**Instructions to follow**
The response should be an exact transcription of the data below, free of images.

**Provided entries**
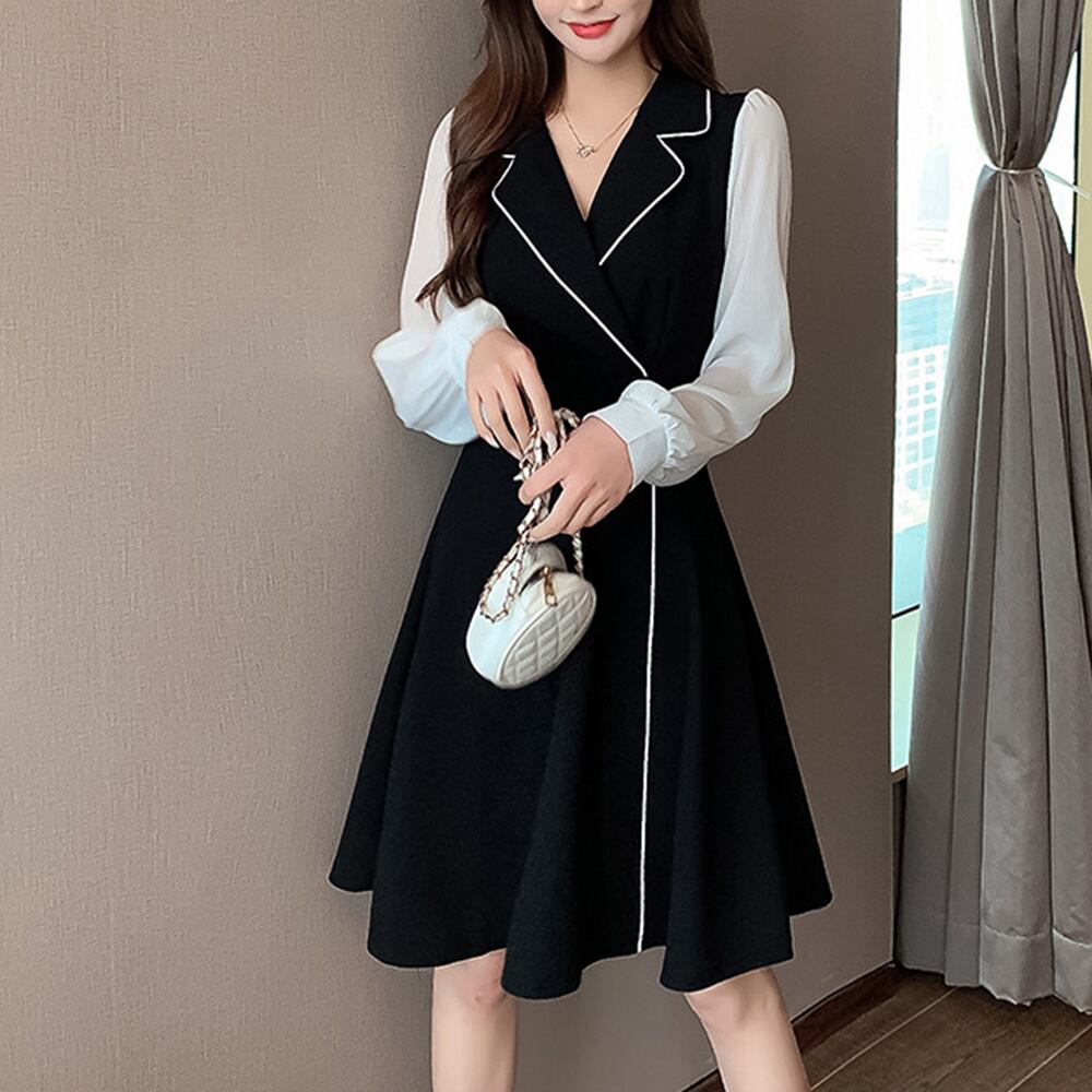 ドレスワンピース ウエストマーク ドッキング aラインワンピース 膝丈 きれいめ 長袖 襟付き ワンピース 大人可愛い
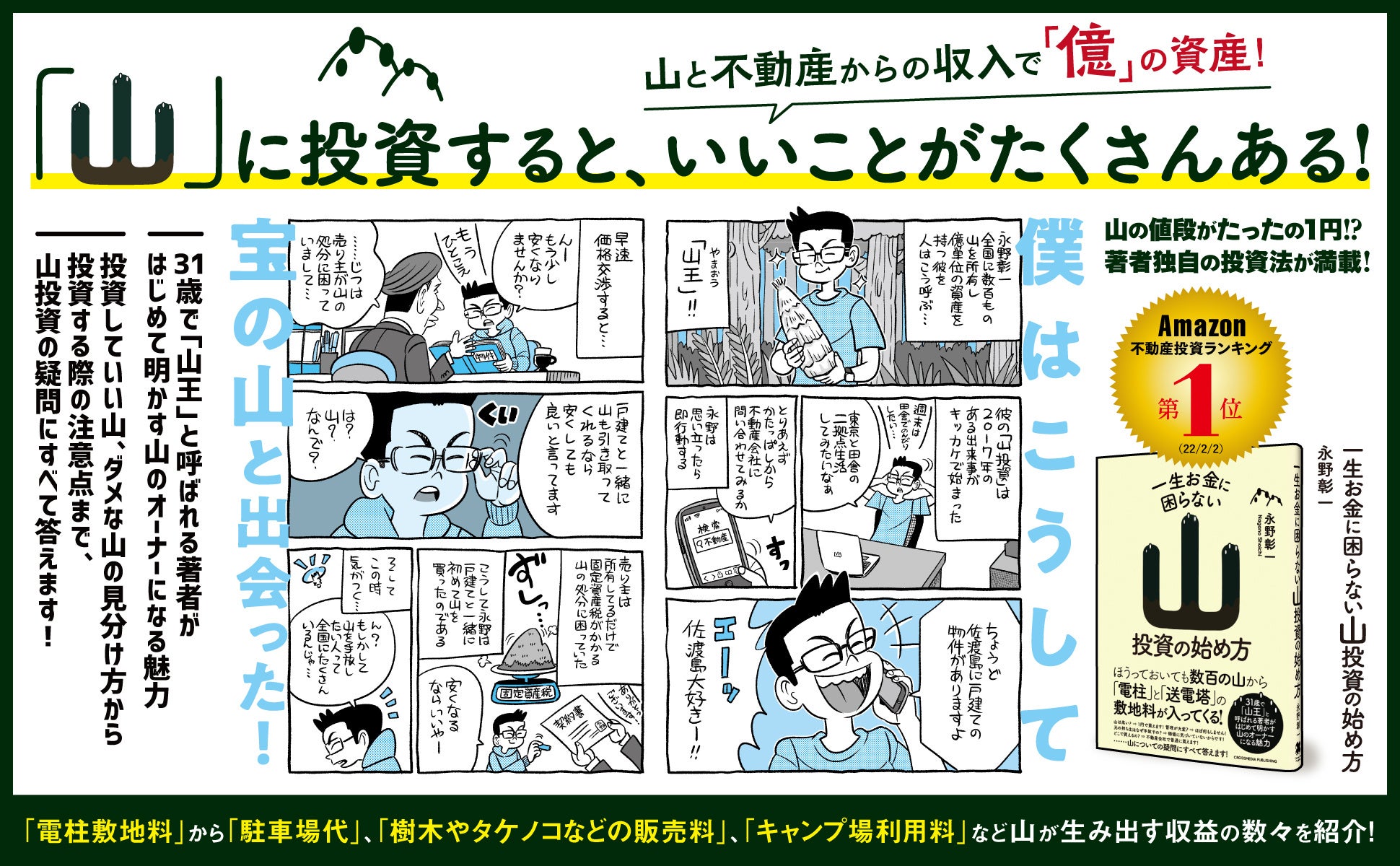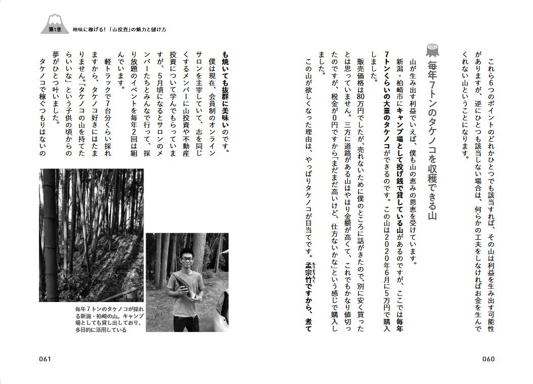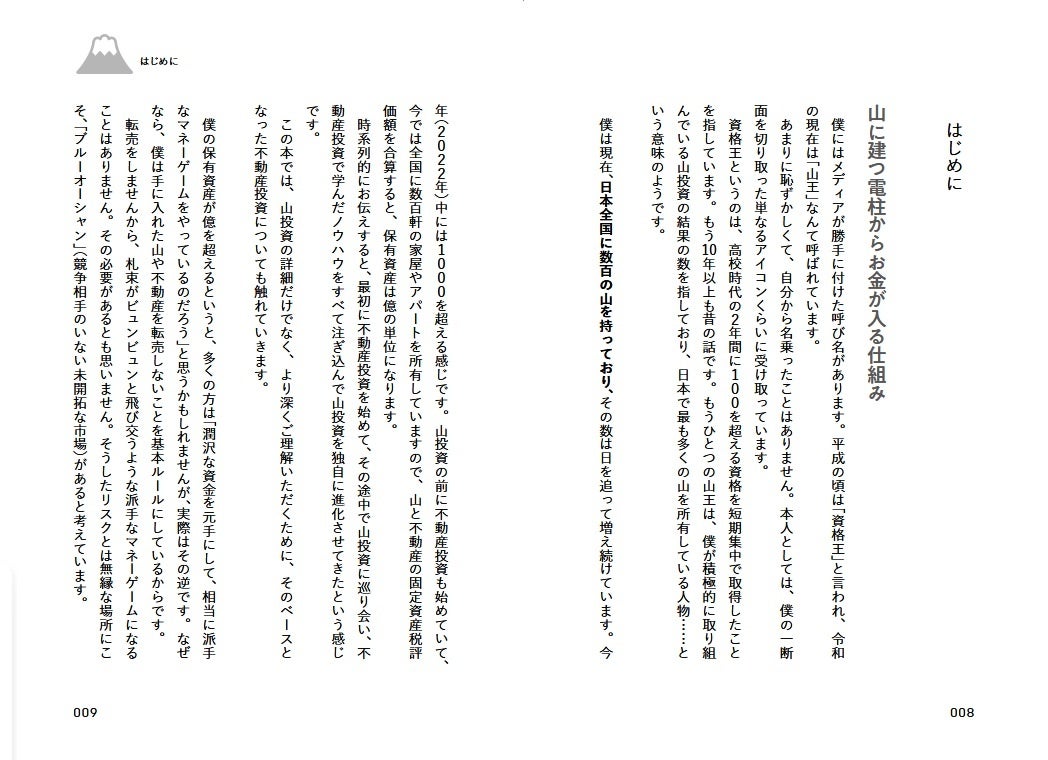 この本でお伝えするのは、お金がなくても、経験がなくても、可能な限りリスクを避けて、地味だけど確実に儲けるための「一生お金に困らない山投資の始め方」です。
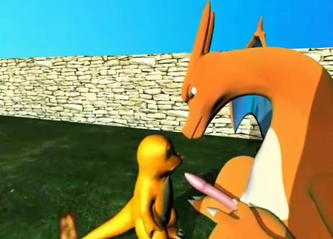 Baby Charmander sucks a huge cock of the dragon Chirizard
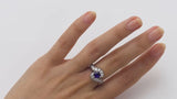 Unique round cut sapphire engagement ring with surrounding diamonds
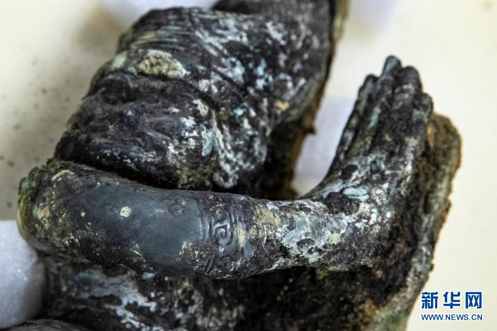 這是5月30日在四川德陽廣漢市三星堆遺址拍攝的從4號“祭祀坑”中提取出的青銅扭頭跪坐人像。

**Written response**
 ドレスワンピース ウエストマーク ドッキング aラインワンピース 膝丈 きれいめ 長袖 襟付き ワンピース 大人可愛い
 この本でお伝えするのは、お金がなくても、経験がなくても、可能な限りリスクを避けて、地味だけど確実に儲けるための「一生お金に困らない山投資の始め方」です。
 Baby Charmander sucks a huge cock of the dragon Chirizard
 Unique round cut sapphire engagement ring with surrounding diamonds
 這是5月30日在四川德陽廣漢市三星堆遺址拍攝的從4號“祭祀坑”中提取出的青銅扭頭跪坐人像。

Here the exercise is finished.